Categories
SysOps

How to mount HDFS as a local file system

Mount HDFS as a local file system.

Beware, it will support only basic file operations at a slower pace, installation is cumbersome, but it works.

I will perform the installation on a client machine, but the compilation process can be executed only once elsewhere.

Prerequisites

You need docker to create Hadoop Developer build environment, Java, and Hadoop libraries to run the fuse_dfs application.

Ownership works in a slightly different way as it is using the user name, not user id, so change ownership a directory using hdfs utilities before you try to write anything there using fuse.

$ hdfs dfs -mkdir /milosz                                                    
$ hdfs dfs -chown milosz  /milosz

Installation

Create workspace directory for compilation purposes.

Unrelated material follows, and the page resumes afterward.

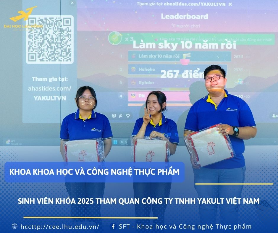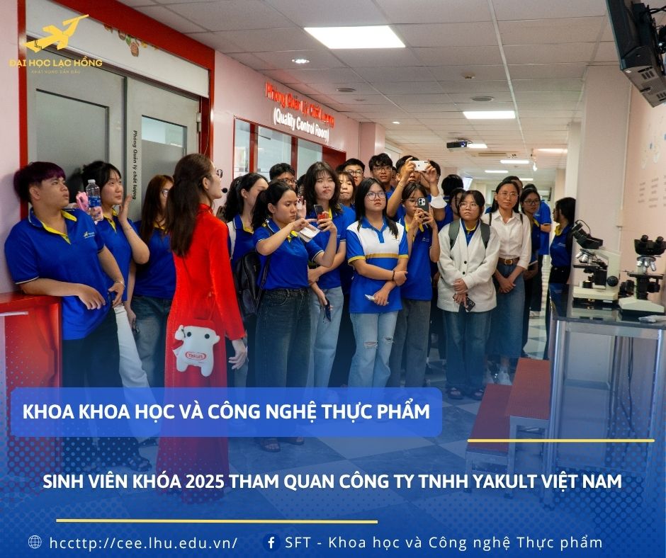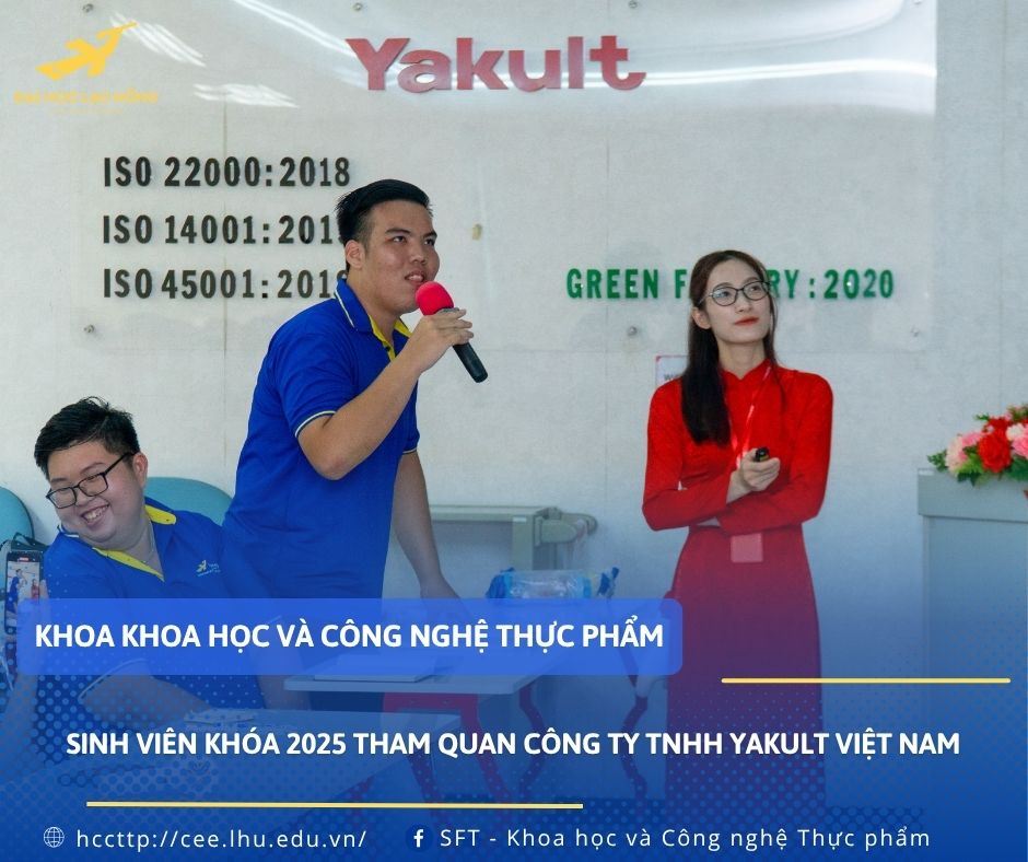 Ngày 22/10/2025 các tân sinh viên Khoa Khoa học và Công nghệ Thực phẩm tham quan Công ty TNHH Yakult Việt Nam, một trong những doanh nghiệp hàng đầu trong lĩnh vực sản xuất sữa chua lên men. Chuyến đi là cơ hội quý báu để sinh viên được tiếp cận, học hỏi và quan sát tận mắt môi trường làm việc chuyên nghiệp cũng như quy trình sản xuất hiện đại.

$ sudo mkdir /opt/workspace

Change directory ownership.

$ sudo chown $(whoami) /opt/workspace

Change working directory.

$ cd /opt/workspace

Clone hadoop source code. I will stick with branch-3.2 as I am using Hadoop 3.2.2, but you can skip the branch part.

$ git clone --depth 1 --branch branch-3.2 https://github.com/apache/hadoop.git
Cloning into 'hadoop'...
remote: Enumerating objects: 16383, done.
remote: Counting objects: 100% (16383/16383), done.
remote: Compressing objects: 100% (11609/11609), done.
remote: Total 16383 (delta 5653), reused 7976 (delta 3721), pack-reused 0
Receiving objects: 100% (16383/16383), 34.38 MiB | 7.34 MiB/s, done.
Resolving deltas: 100% (5653/5653), done.

Change working directory.

$ cd hadoop

Create a build environment using docker. Inspect BUILDING.txt for details.

$ ./start-build-env.sh
[...]
 _   _           _                    ______
| | | |         | |                   |  _  \
| |_| | __ _  __| | ___   ___  _ __   | | | |_____   __
|  _  |/ _` |/ _` |/ _ \ / _ \| '_ \  | | | / _ \ \ / /
| | | | (_| | (_| | (_) | (_) | |_) | | |/ /  __/\ V /
\_| |_/\__,_|\__,_|\___/ \___/| .__/  |___/ \___| \_(_)
                              | |
                              |_|

This is the standard Hadoop Developer build environment.
This has all the right tools installed required to build
Hadoop from source.

You will be left inside Hadoop Developer build environment.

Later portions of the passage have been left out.